Polycomb group (PcG) proteins function as multiprotein complexes and are part of a gene regulatory mechanism that determines cell fate during normal and pathogenic development. Several studies have implicated the deregulation of different PcG proteins in neoplastic progression. Pancreatic ductal adenocarcinoma is an aggressive neoplasm that follows a multistep model of progression through precursor lesions called pancreatic intraepithelial neoplasia (PanIN). Aim of this study was to investigate the role of PcG protein CBX7 in pancreatic carcinogenesis and to evaluate its possible diagnostic and prognostic significance. We analysed by immunohistochemistry the expression of CBX7 in 210 ductal pancreatic adenocarcinomas from resection specimens, combined on a tissue microarray (TMA) including additional 40 PanIN cases and 40 normal controls. The results were evaluated by using receiver operating characteristic (ROC) curve analysis for the selection of cut-off scores and correlated to the clinicopathological parameters of the tumours and the outcome of the patients. Expression of E-cadherin, a protein positively regulated by CBX7, was also assessed. A significantly differential, and progressively decreasing CBX7 protein expression was found between normal pancreatic tissue, PanINs and invasive ductal adenocarcinoma. Loss of CBX7 expression was associated with increasing malignancy grade in pancreatic adenocarcinoma, whereas the maintenance of CBX7 expression showed a trend toward a longer survival. Moreover, loss of E-cadherin expression was associated with loss of CBX7 and with a trend towards worse patient survival. These results suggest that CBX7 plays a role in pancreatic carcinogenesis and that its loss of expression correlates to a more aggressive phenotype.

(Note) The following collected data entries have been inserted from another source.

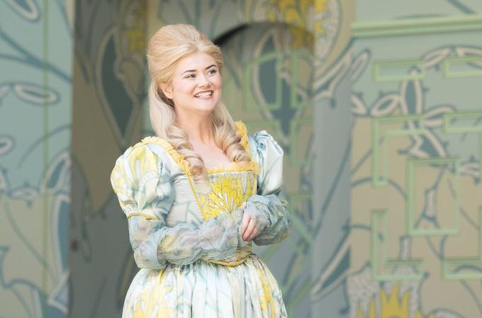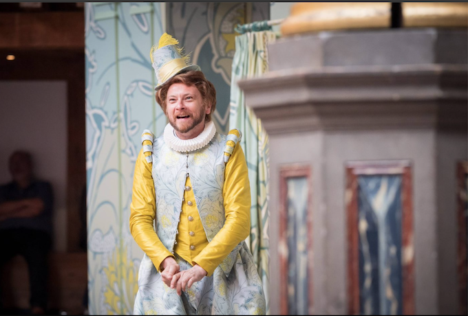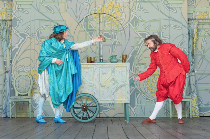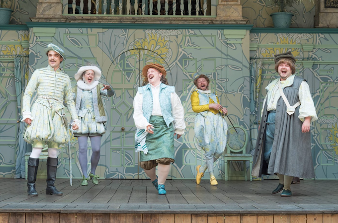 The set puzzles me. The Globe has covered the fabric of the building before, and two Sean Holmes directed plays stand out, Much Ado About Nothing set on a Mexican revolution era train, and Romeo & Juliet set in the Wild West. They both had solid reasons. Here? I can’t see that covering the basic Globe walls has any purpose at all. One review calls it a Liberty print – it’s not. Another calls it a William Morris design. It’s not. A third says specifically it’s Thibaut Windsor Spa wallpaper. That’s certainly very close indeed, though I can’t find the exact colour-way They may have done it for this. It’s a wallpaper pattern and costs £240 per roll. So what do the curtains behind the musicians cost? It’s echoed in the costumes which are colour coded, a good idea. The Pages have yellow, the Fords have light blue, others have green and Falstaff and his supporters and page boy have red. I didn’t like the silly hats on the Pages. However as the costumes are faux-Elizabethan (but much shinier and more subtle colours), I can’t see why they needed to cover the existing building. There is no furniture apart from Dr Caius’ closet (same pattern) and the laundry basket in blue.
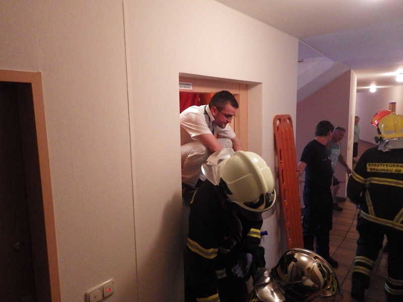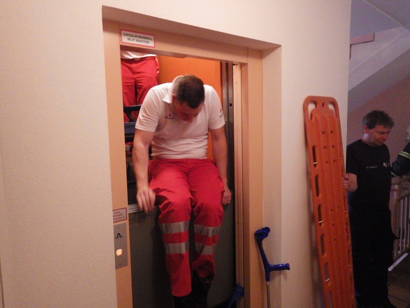 | Beschreibung: | Eine ungewöhnliche Alarmierung erreichte die FF Braunau: “ Personenrettung, Notarztteam mit Notfallpatienten in Lift eingeschlossen“. Die FF Braunau rückte mit KDO-F1, VRF, TLF 2 und der Drehleiter zum Einsatzobjekt aus. Nachdem der stecken gebliebene Aufzug außer Betrieb gesetzt wurde konnte die Lifttüre geöffnet werden. Da es sich um einen medizinischen Notfall handelte wurde sofort mit der Personenrettung begonnen. Auf das Ablassen des Fahrkorbes wurde aus Zeitgründen verzichtet. Nach 34 Minuten konnte die FF Braunau wieder einrücken. |
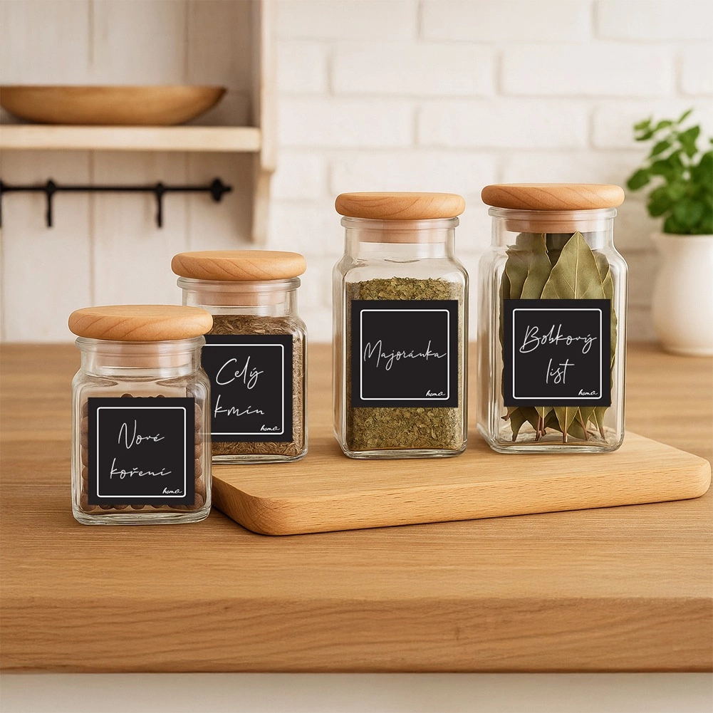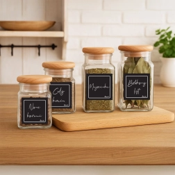 Houd stijlvol orde in je voorraadkast. Zwarte zelfklevende etiketten zijn geschikt voor zelfgemaakte conserven, kruiden, droge waren en zelfs cadeauverpakkingen. Het gelamineerde oppervlak is beter bestand tegen vuil en elk etiket biedt een gereserveerde ruimte voor naam, samenstelling of datum.
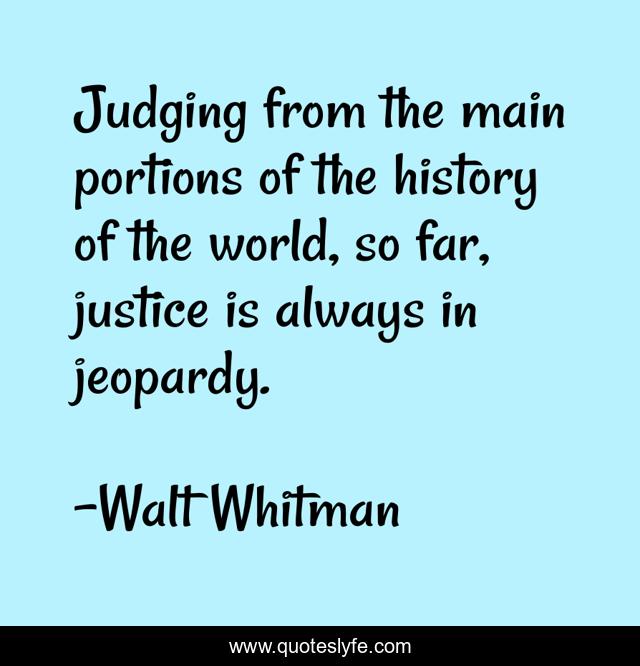 This page presents the quote "Judging from the main portions of the history of the world, so far, justice is always in jeopardy.". Author of this quote is Walt Whitman. This quote is about justice, world, judging,.
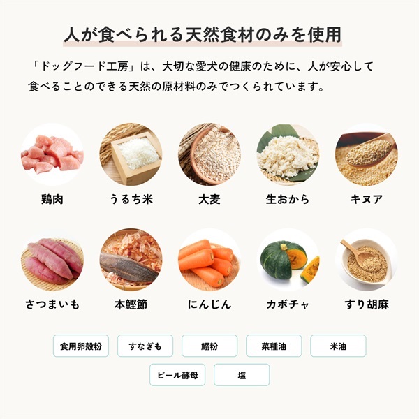 鶏肉・うるち米・大麦・生おから・キヌア・さつまいも・本鰹節・にんじん・カボチャ・すり胡麻・食用卵殻粉・すなぎも・鰯粉・菜種油・米油・ビール酵母・塩
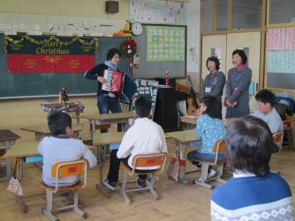 9日(火)は,毎月恒例のもこもこさんの読み聞かせがありました。毎月この日を楽しみにしているそらいろ学級ですが,今回は12月ということで,クリスマスにちなんだスペシャルバージョン!教室もきれいに飾りつけをしていただき,アコーディオンに合わせたコーラスと,クリスマスにちなんだ絵本特集の読み聞かせでした。
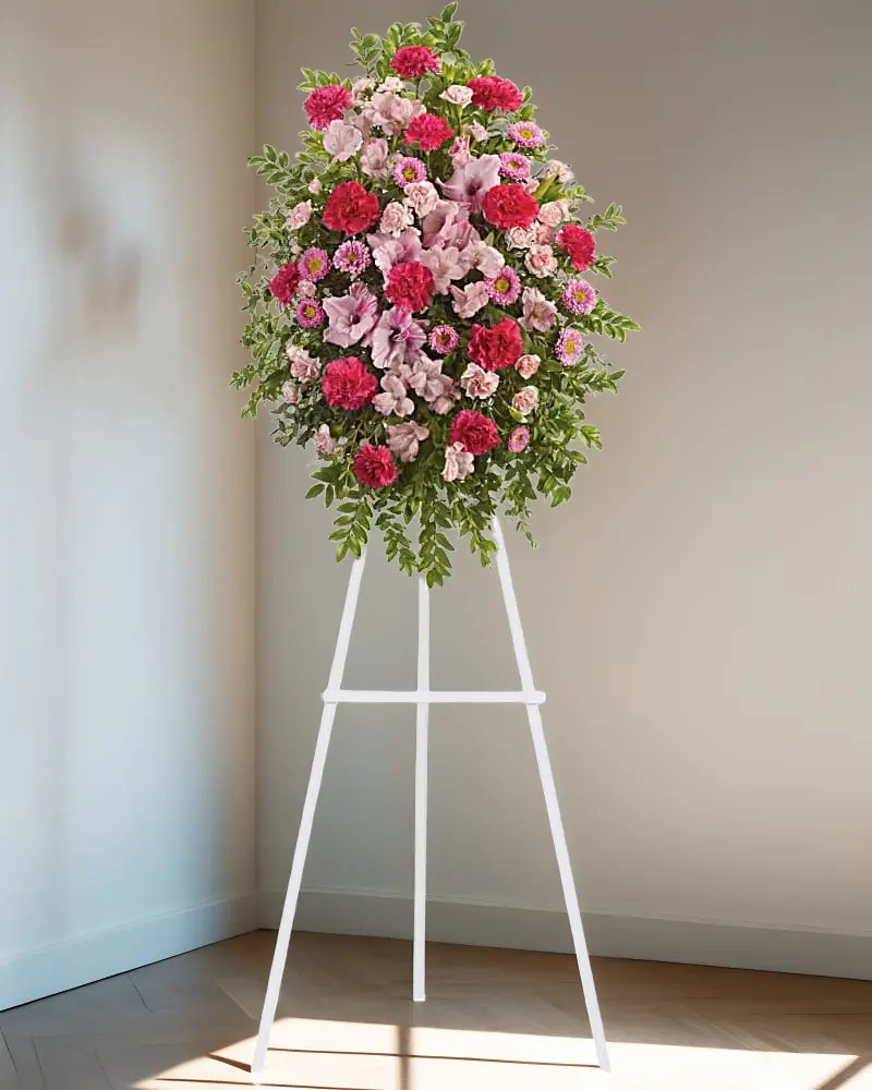 To send sympathy flowers is a testament of your love and devotion. This feminine standing spray is a pink garden of alstroemeria, gladioli, carnations and asters.
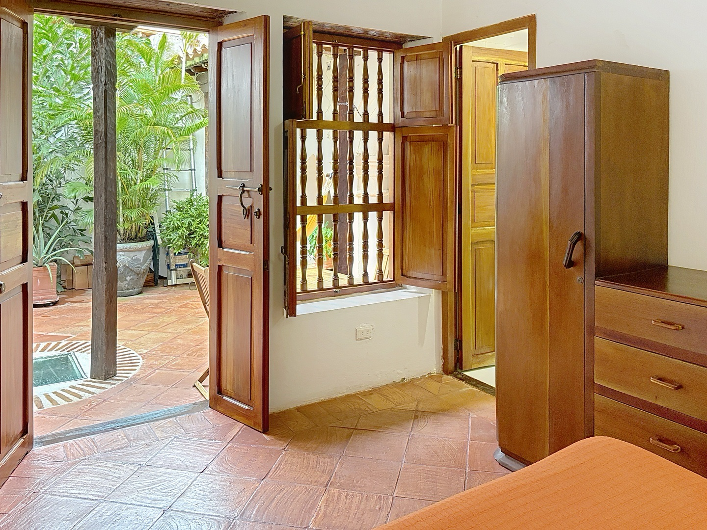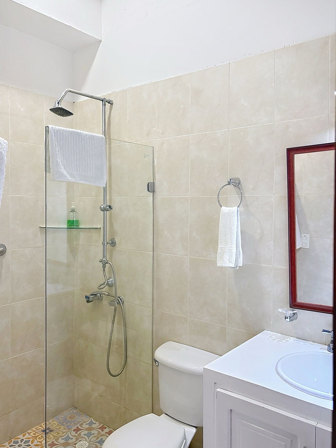 Ubicada en el patio, esa habitación de unos 15m2 con techo alto cuenta con una cama doble y tiene una sala de ducha completa, aire acondicionado y ventilador de techo.
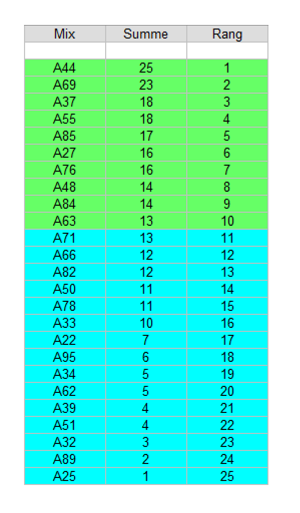 Hier sind die Ränge ohne Gewichtung:
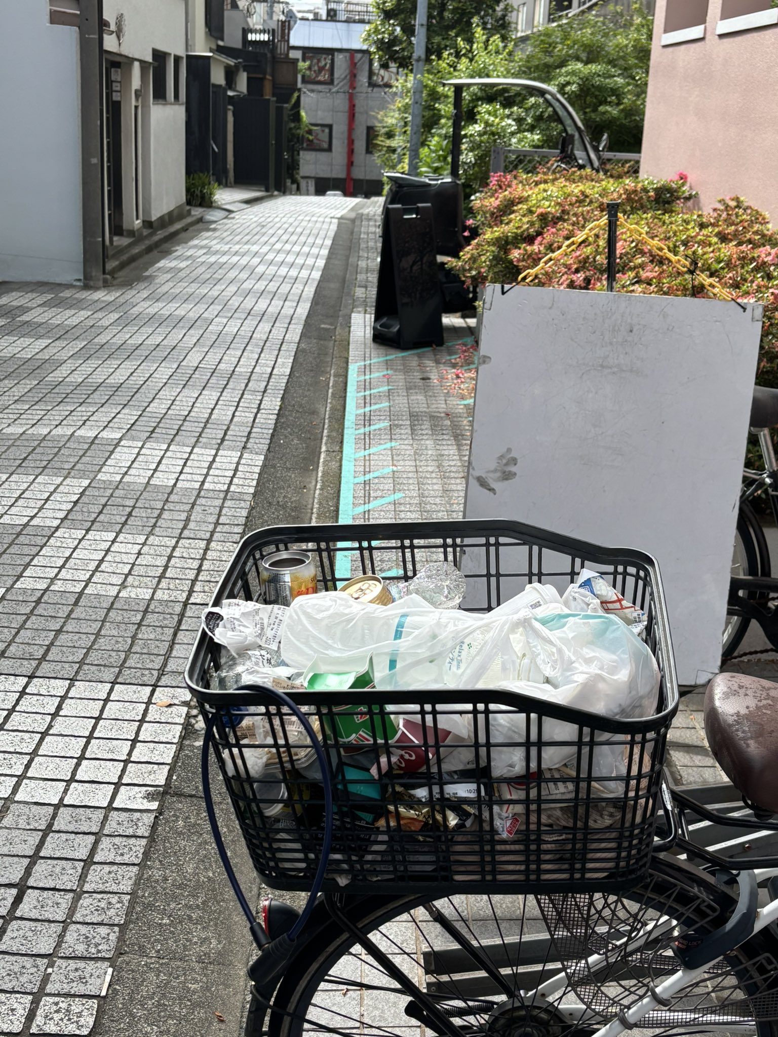 マンションの自転車置き場を無理矢理LUUPの基地にしたら利用者がマンション住人の自転車のカゴをゴミ箱にするようになった#LUUP https://t.co/hymIPJqgpC

Faculties and Departments:03 Faculty of Medicine > Bereich Querschnittsfächer (Klinik) > Pathologie USB
03 Faculty of Medicine > Departement Klinische Forschung > Bereich Querschnittsfächer (Klinik) > Pathologie USB
03 Faculty of Medicine > Bereich Querschnittsfächer (Klinik) > Pathologie USB > Molekulare Pathologie (Terracciano)
03 Faculty of Medicine > Departement Klinische Forschung > Bereich Querschnittsfächer (Klinik) > Pathologie USB > Molekulare Pathologie (Terracciano)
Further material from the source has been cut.